RSS, Atom, and JSON Feed — all three, automatically
Every blog gets all three feed formats, generated and kept current as you publish. RSS 2.0 for the classic readers, Atom 1.0 for the strict ones, JSON Feed 1.1 for the new wave. You don't pick — readers do, and whichever they prefer just works.
Auto-discovery in every page
Every public page on your blog declares its feeds in the HTML head. Paste your blog URL into NetNewsWire, Reeder, Feedly, Inoreader, or any halfway-decent reader and it finds the feed without you having to copy-paste a URL. The way it was always supposed to work.
Per-tag feeds
Every tag gets its own feed in all three formats. A reader who only cares about your photography posts can subscribe to just that tag and ignore the rest. Useful when one blog covers a lot of ground.
OPML export
Export your blogs as OPML so readers can subscribe to all of them at once. There's also a per-blog OPML for the cases where someone wants a structured list of just one blog's feeds. Standard format, works in every reader that supports OPML — which is essentially all of them.

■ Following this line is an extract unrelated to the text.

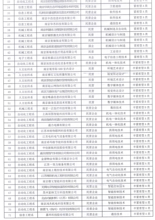 经科研及校企合作处初审、现场汇报答辩、专家评审,认定南京冠盛汽配有限公司等27家为核心型企业、认定南京福加自动化科技有限公司等16家企业为紧密型合作企业、认定南京旭上数控技术有限公司等65家为半紧密合作企业。

Real-time push with WebSub
Pen to Kami announces new posts to WebSub-compatible readers the moment you publish, so subscribers see your post seconds later instead of waiting for the next polling cycle. Slow readers still poll the feed normally; fast readers get the push. Either way you don't configure anything.
A /follow page on every blog
Each blog has a dedicated page that lists every way to follow it — RSS, Atom, JSON, Mastodon, anywhere else you've plugged in. Readers who don't already know what RSS is get a one-click way to subscribe in their reader of choice. No more "how do I follow this?" guessing.
Legacy URL redirects
/rss.xml and /atom.xml — the URLs people remember from a decade ago — redirect to your real feeds. So when someone tries the old conventional path on instinct, it just works.
No analytics on feed reads
Your feed isn't a tracking beacon. There's no per-subscriber pixel, no UTM rewriting, no read-receipt counting. The whole point of RSS is that it's a quiet, durable stream that doesn't spy on the people reading it. That's preserved here.